What led you to write Shadows on the Sand?
The original thought came from my editor who suggested I write another Seaside book. I love that setting of a Jersey shore town like Ocean City, NJ, where my parents met and where I met my husband. I did the four Seaside Seasons books in that setting, and since I was out of seasons, I hadn’t thought too much about more until Julee suggested it. I lifted Greg, the cop in the first four books, and made him my hero. Carrie just came alive in my imagination.
Starting out, who were the authors who inspired you? Who inspires you now?
When I started, there was very little Christian fiction. I loved Mary Stewart, Victoria Holt and Phyllis Whitney (after I outgrew Nancy Drew). Romantic suspense continues to be my favorite genre for reading and writing.
How does your faith influence your writing?
Many people write good stories but even though they are writing of life and death, too many don’t even consider the deeper questions about God and the meaning of life we all have.

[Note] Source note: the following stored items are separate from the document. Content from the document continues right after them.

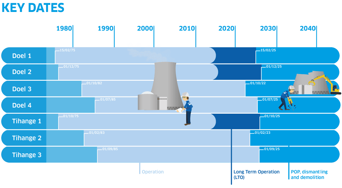 Podle plánu, který belgická koaliční vláda oznámila v prosinci 2021, byla elektrárna Doel 3 odstavena v září loňského roku a elektrárna Tihange 2 nyní v roce 2023. Novější bloky Doel 4 a Tihange 3 by měly být odstaveny do roku 2025 spolu s bloky Doel 1 a 2, kterým byla v roce 2014 prodloužena provozní licence.
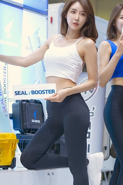 흰 끈 민소매 레깅스 라인 유다연 레이싱모델 Model Yu Dayeon
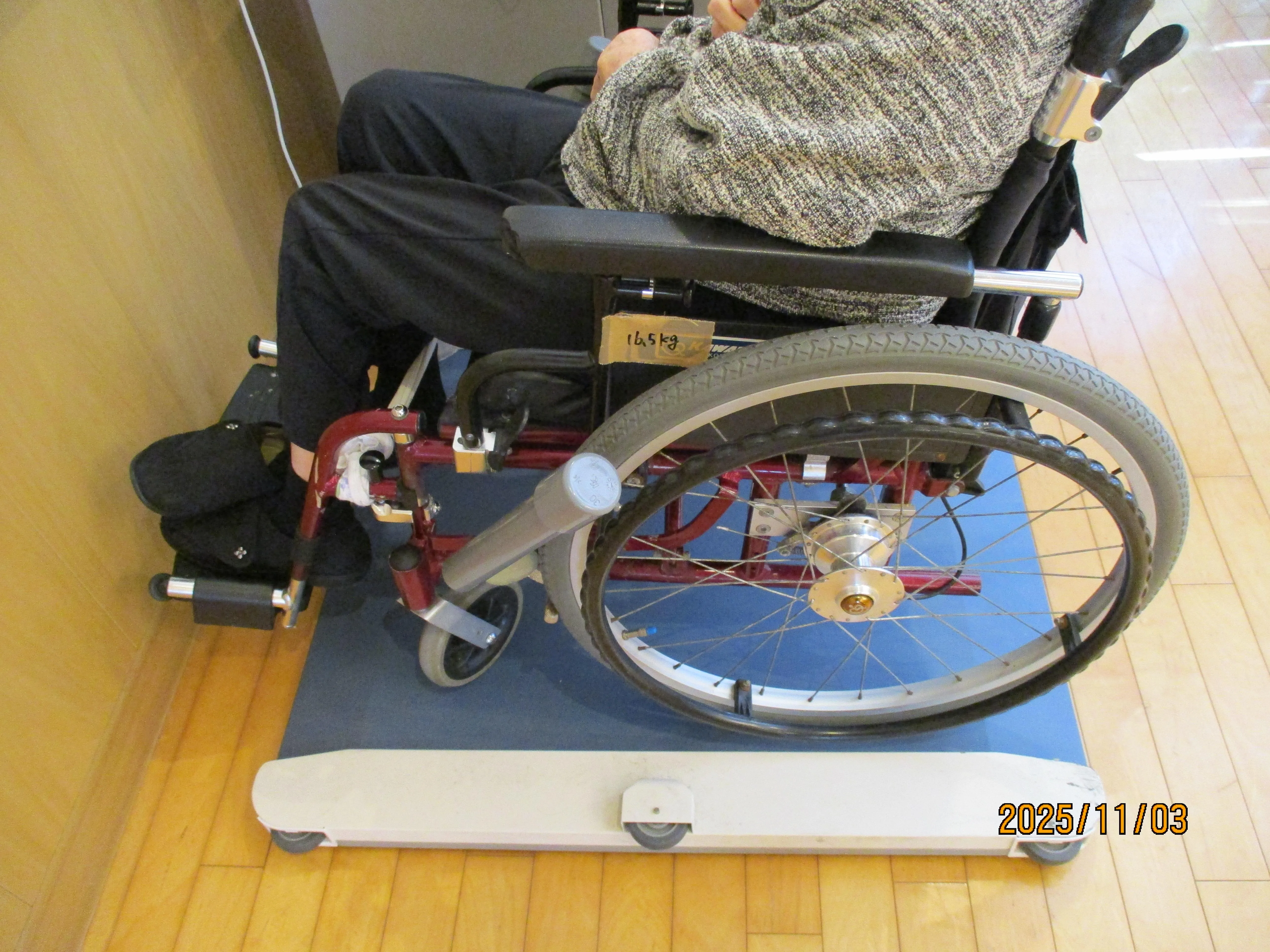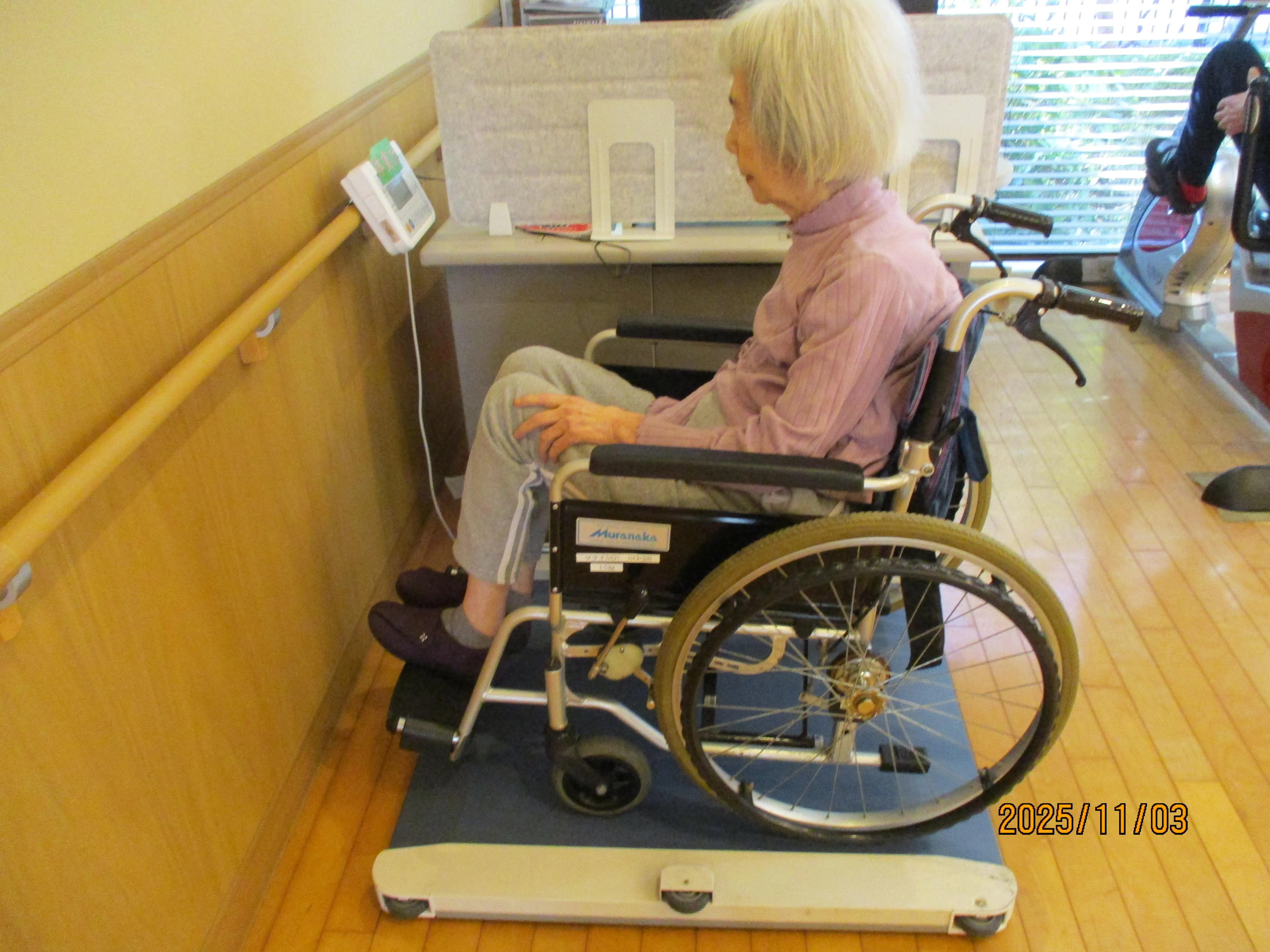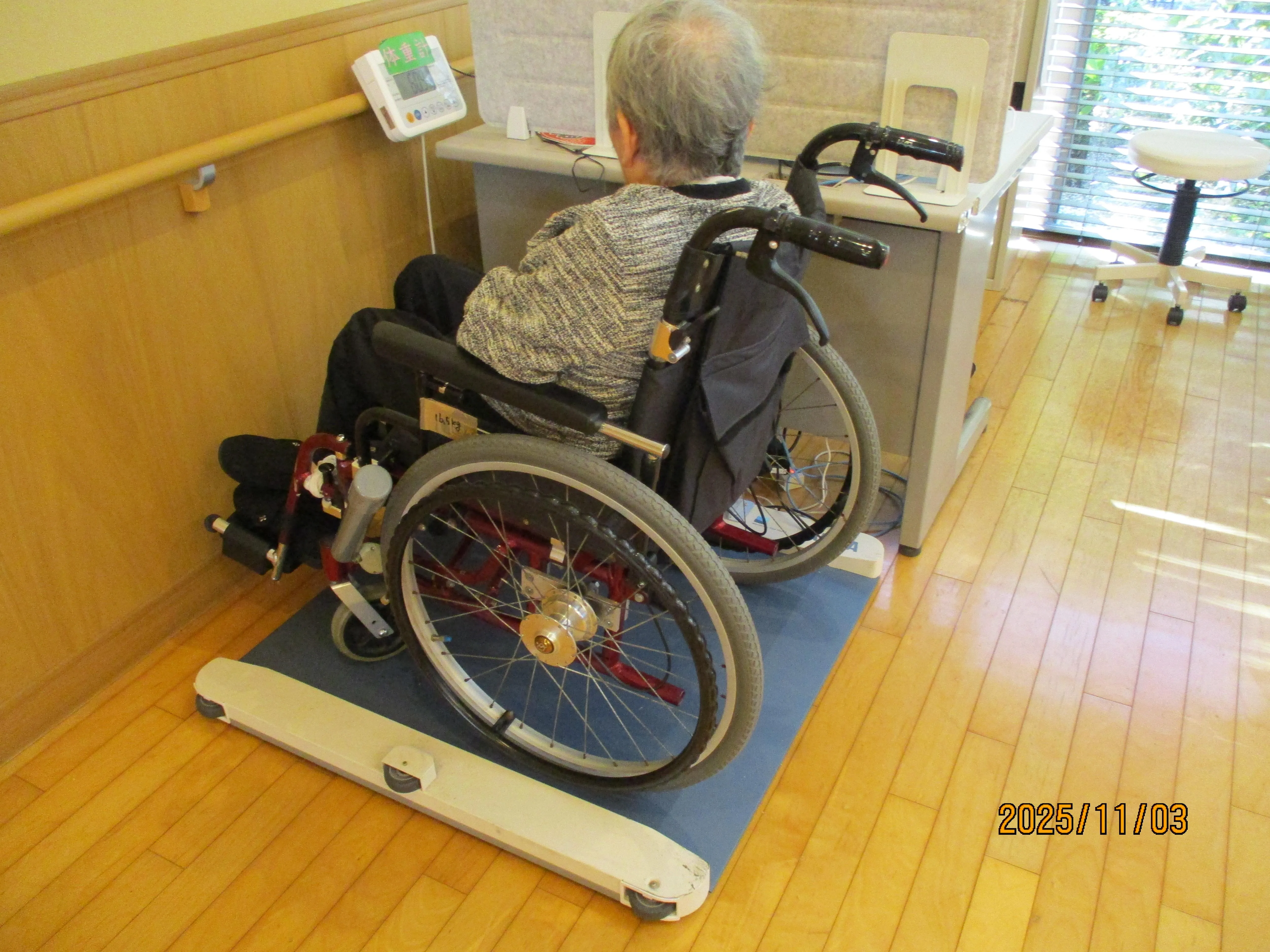 「今月も元気に過ごせましたね」とお声がけしながら、楽しく測定を進めています。車椅子をご利用の方にも安全に測定いただけるよう、専用の機器を使用するなど配慮しております。

It’s my responsibility and my joy to add the spiritual arc to a book, to consider life and death, relationships and our relationship with God in light of Scripture. If I have some answers to offer and some questions to ask about the spiritual areas of life, I can’t not write of them. The trick is to write such a good story with characters so real that there’s no sense of lecture or sermon.

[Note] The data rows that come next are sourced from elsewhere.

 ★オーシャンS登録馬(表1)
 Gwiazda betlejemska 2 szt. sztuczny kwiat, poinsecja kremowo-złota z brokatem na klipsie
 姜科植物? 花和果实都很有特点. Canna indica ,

How long have you known you wanted to be an author?
Being a writer is one of those wonderful God-surprises that sometimes appear in our lives. I was a teacher until we had our kids. Then I wanted to stay home with them, but I missed the intellectual challenge of being with adults. I started to write just to fill that void and found I loved it. I thought I might as well write something I could sell, so I did. Sounds simple, doesn’t it? It was probably more a case of ignorance on my part and grace on God’s.

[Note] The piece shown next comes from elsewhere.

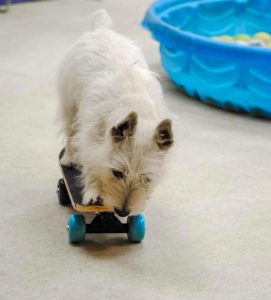 I am also quite proud of our Puppy Play School. I have dreamed of a way to educate pet parents of the importance of investing in their dogs when they are puppies, in terms of positively socializing and training to help their dogs be stable and confident as they age. PPS will be one year old in August and it is being strongly recommended by area vets to their clients. Many of the PPS graduates enter our daycare program and we find that they are much more responsive to handlers and much better behaved than other youngsters who didn’t attend.
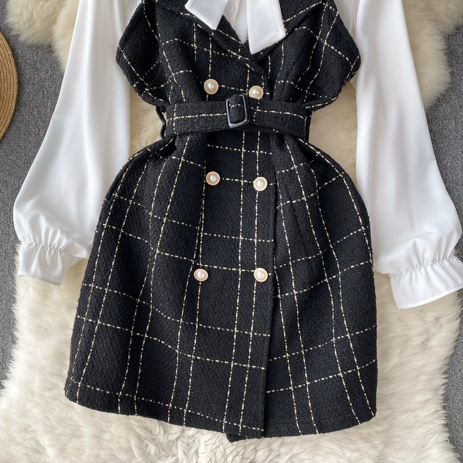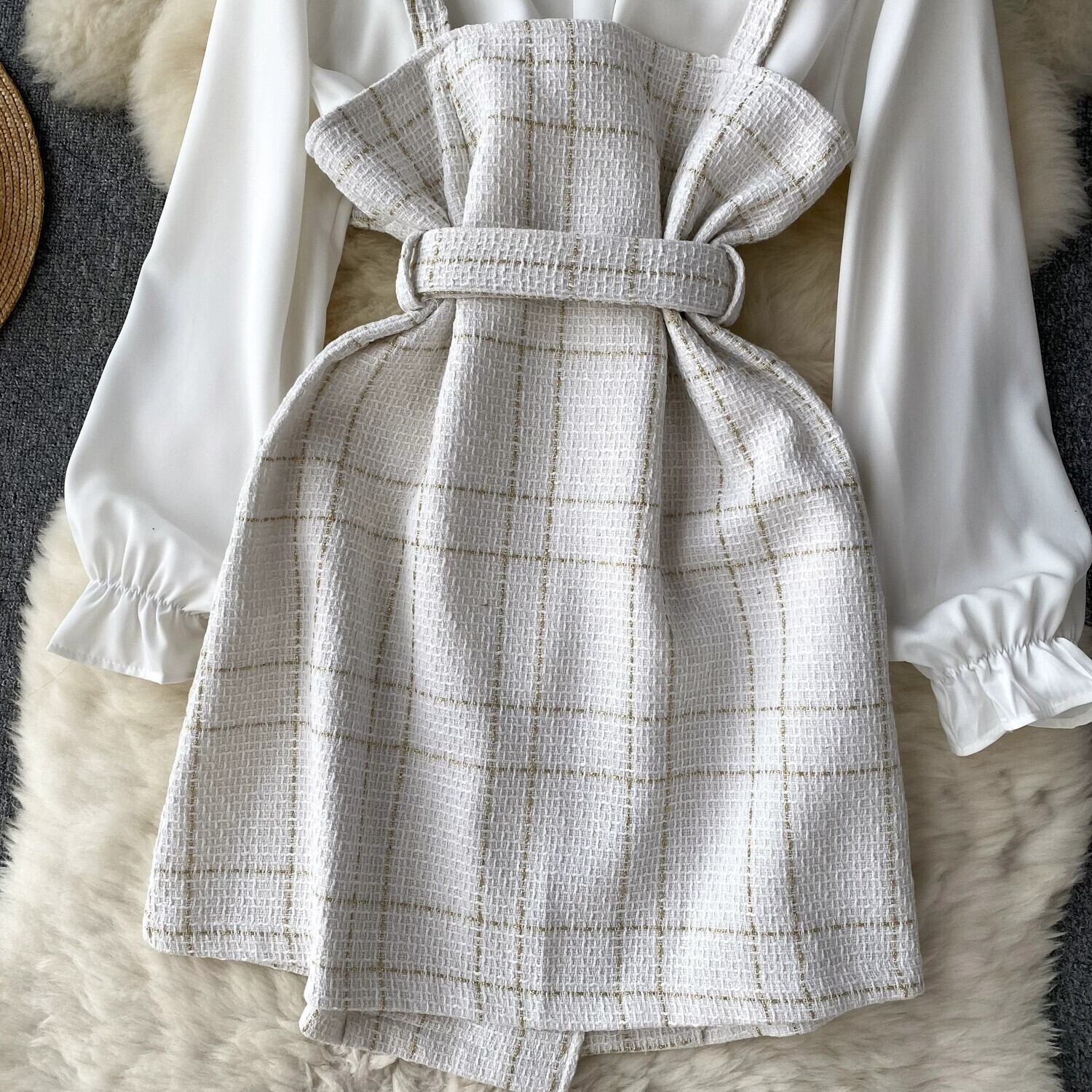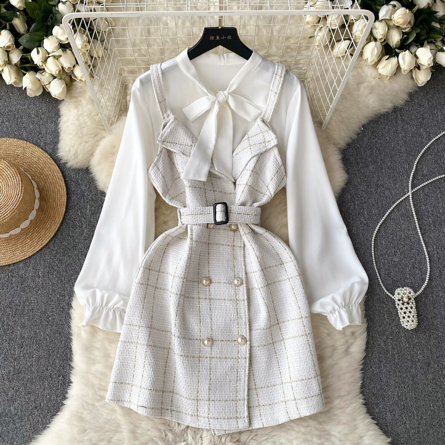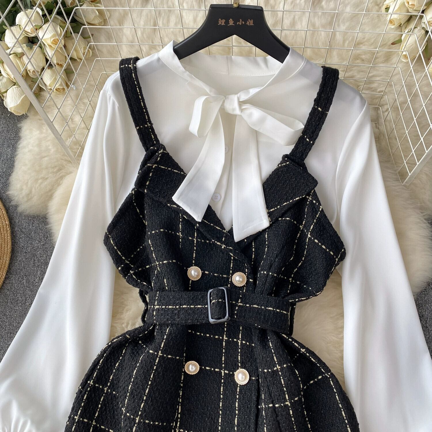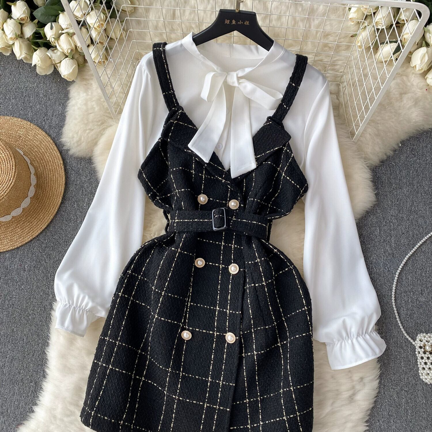 秋のレディスタイルのツーピースドレスの女性、リボンストラップ、チェック柄のデザイン、ニッチな気質のスカート オータム 秋物 lyxaj8154209336

What do you most hope that readers get from reading your work?
I want people to have a great read, a given for a novelist, but I also want them to think about the questions my characters ask and the answers they seek. The thing I like about fiction is that it shows patterns of living and the consequences of the choices the characters make. Right now I am writing a blog, www.widowsjourney.com, a different kind of writing that grows out of my life and my recent experience.